Akhirnya, ditegakkan diagnosis ulkus kornea karena sudah terdapat defek epitel yang
sampai ke stroma kornea berdasarkan pemeriksaan slit lamp. Dari anamnesis diperoleh
keterangan bahwa keluhan pasien didahului oleh adanya riwayat trauma akibat terkena
percikan api dari gerinda, kemudian mata merah, berair, nyeri, dan terasa silau. Penglihatan
juga menjadi buram mendadak, kelopak mata pasien membengkak. Hal hal tersebut juga
mendukung penegakan diagnosis ulkus kornea.
Ulkus kornea biasanya terjadi dengan didahului oleh adanya trauma pada kornea. Agen
yang berperan utama dalam trauma ini adalah bakteri dan jamur. Pada kasus ini, terdapat
riwayat terkena terkena percikan api pada mata pasien 2 minggu SMRS yang diduga
sebagai sumber infeksi.
Pada status oftalmologi didapatkan ulkus kornea di parasentral, infiltrat +, warna
keputihan, edema +, hipopion +. Morfologi ulkus yang demikian ditambah dari hasil
anamnesis mengarahkan etiologi ulkus pada jamur dan bakteri. Untuk penyebab virus
dapat disingkirkan karena dari anamnesis didapatkan gejala nyeri, sedangkan umumnya
gejala ulkus virus tidak disertai nyeri, termasuk tidak adanya gejala sistemik pada pasien.
Selain itu juga tidak ditemukan bentuk khas dari ulkus virus yaitu bentuk dendritik. Dari
anamnesis terdapat beberapa hal yang menguatkan etiologi ulkus pasien ke arah jamur,
antara lain adanya riwayat kontak dengan bahan-bahan organik yaitu serangga.

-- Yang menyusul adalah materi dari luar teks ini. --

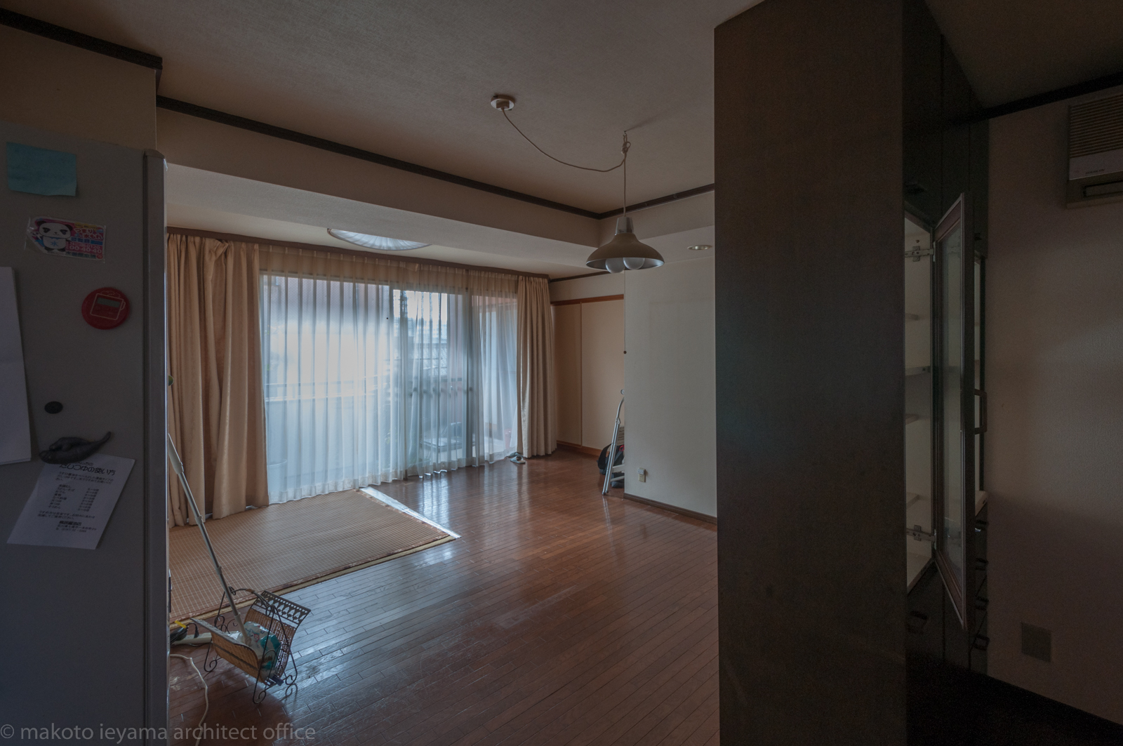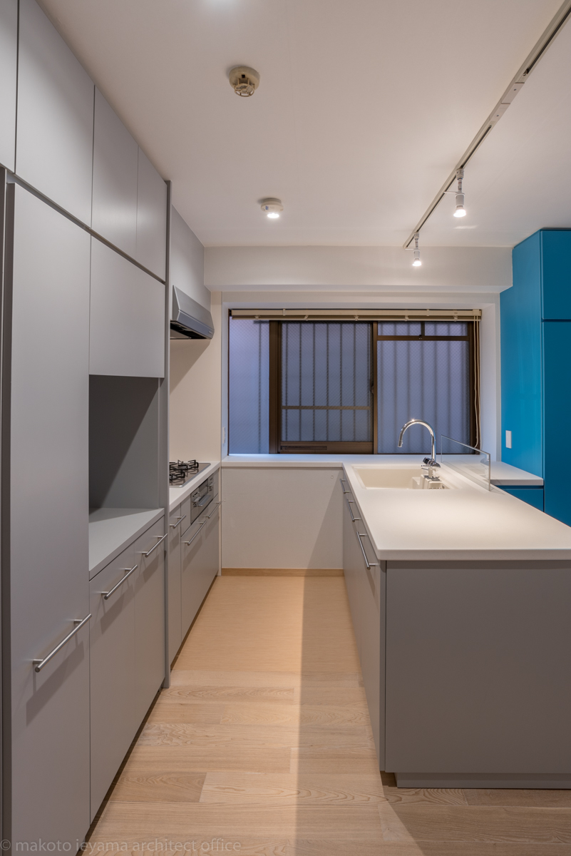 金沢市の浅野川に面する11階建てマンションの住戸のリノベーション。昭和60年代の景気の良い時期に建てられたマンションで、リビングの南面は大きな開口部、ドイツ製のシステムキッチン、部分的な床暖房などが備えられていたが、シングルガラスのアルミサッシによるコールドドラフト、窓面の結露により住環境は良いものでは無かった。重厚な色彩の造作材、室内に露出する柱型・梁型によって狭苦しい感じの空間を、明るくスッキリとさせ、収納を増やすことが求められた。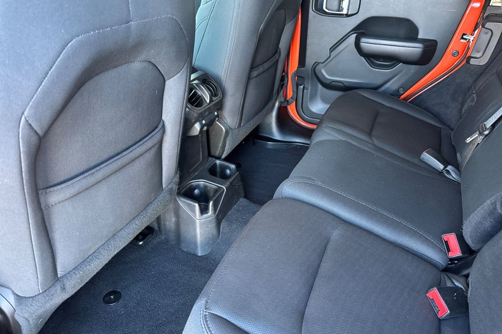 The interior of the Jeep Wrangler is designed for comfort and convenience. The cloth seat upholstery is cozy throughout all seasons, and the 6-way adjustable driver seat ensures you can find your ideal driving position with ease. Additionally, three USB ports provide the necessary connectivity for charging devices or playing your favorite tunes during long road trips.

Untuk memastikan etiologi ulkus tersebut perlu dilakukan pemeriksaan penunjang
swab sekret mata yang dilanjutkan dengan pewarnaan gram, dan pemeriksaan kultur
resistensi. Selain itu dilakukan juga scrapping yang dilanjutkan dengan pemeriksaan KOH.
Untuk mengetahui penyebab pastinya perlu dilakukan kultur saboraud. Uji fluoresens
dilakukan untuk melihat sebesar seluas apa defek epitel yang terjadi pada ulkus tersebut,
untuk selanjutnya, tes ini dapat dilakukan sebagai follow up terapi.

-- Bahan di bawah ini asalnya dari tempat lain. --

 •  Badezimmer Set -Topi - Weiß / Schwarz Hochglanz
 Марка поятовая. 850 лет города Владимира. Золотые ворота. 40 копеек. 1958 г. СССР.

Komplikasi pada ulkus kornea disebabkan karena terjadinya perforasi yang
memungkinkan masuknya agen infeksi ke jaringan mata yang lebih posterior. Terdapat
beberapa komplikasi yang mungkin terjadi pada pasien ini seperti yang telah disebutkan
sebelumnya. Glaukoma sekunder dapat terjadi akibat blok pupil karena peradangan yang
menjalar ke area tersebut. Namun pada pasien ini tidak didapatkan tanda-tanda glaukoma
seperti peningkatan TIO, penyempitan lapangan pandang, maupun peningkatan CDR.

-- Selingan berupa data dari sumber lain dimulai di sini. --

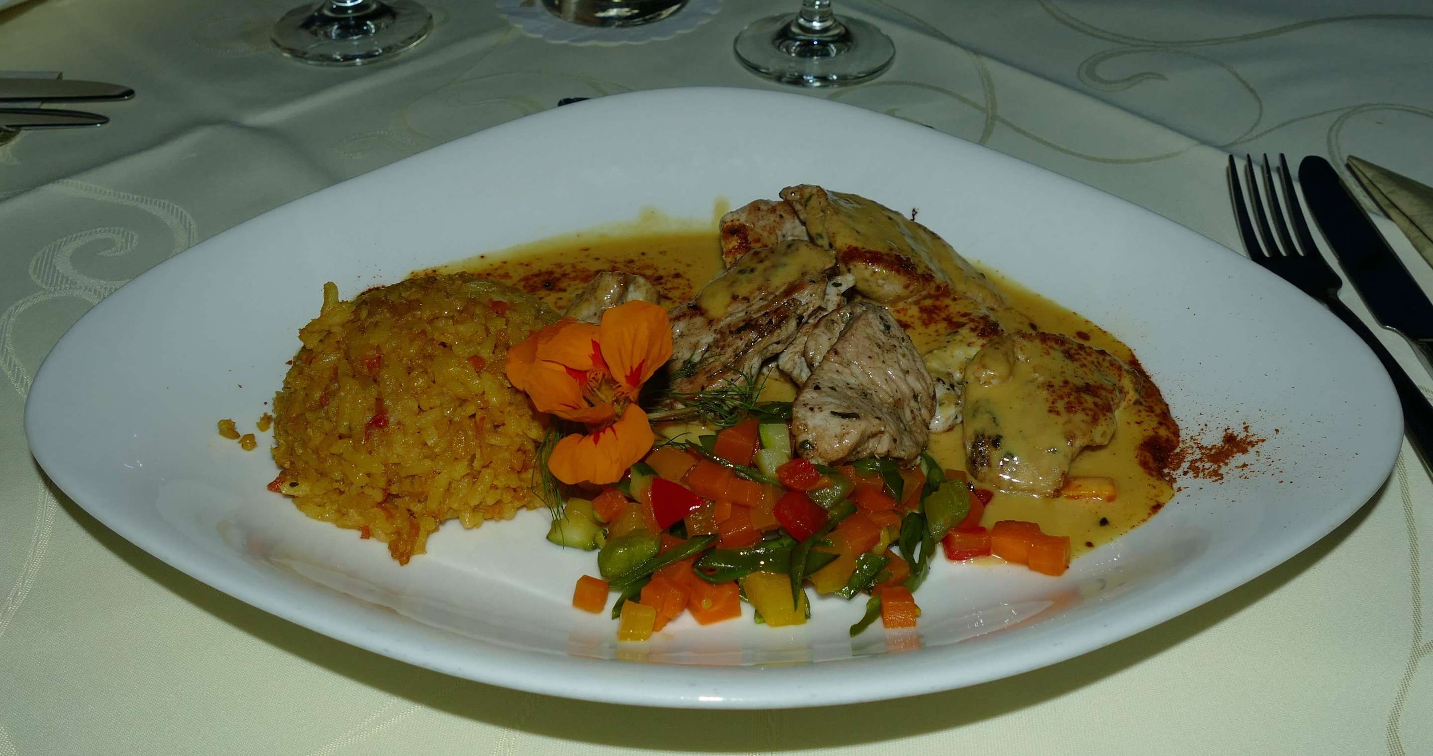 Goanisches Reisgericht mit gebr. Putenstreifen....

Komplikasi uveitis anterior dan endoftalmitis dapat disingkirkan karena dari pemeriksaan
oftalmologis didapatkan tidak adanya perforasi terlihat dari dalam ulkus yang hanya
sampai stroma. Dari pemeriksaan bilik mata depan, iris dan pupil juga tidak didapatkan
adanya kelainan.
Terapi yang diberikan pada pasien ini adalah C. Tropin 2 dd gtt 1 OD, C. LFX 6 dd gtt
1 OD, C. Natachen 6 dd gtt 1 OD, Cefotaxim 2 x1 gr, Ketokonazole 2 x 200 mg, Ketorolac
2x1 amp, Alprazolam 1x1 0.25 mg.
Antibiotik yang diberikan pada pasien ini adalah antibiotic sistemik dan tetes mata.
Menurut
golongan fluoroquinolon tetes setiap 5 menit selama setengah jam pertama setelah hasil
kultur keluar. Pada pasien ini digunakan Cendo Levofloxacin 6x1 tetes yang merupakan
antibiotic golongan tersebut. Levofloxacin memiliki aktivitas bakterisid terutama bakteri
gram negative. Antibiotik sistemik yang diberikan yaitu Cefotaxim yang merupakan
antibiotic golongan sefalosporin generasi ketiga. Cefotaxim bekerja menghambat sintesis
dinding sel bakteri.
Golongan obat lain yang diberikan pada pasien ini adalah anti-jamur untuk
mengeradikasi jamur. Pada pasien ini digunakan dua jenis antijamur. Natamycin (Natacen)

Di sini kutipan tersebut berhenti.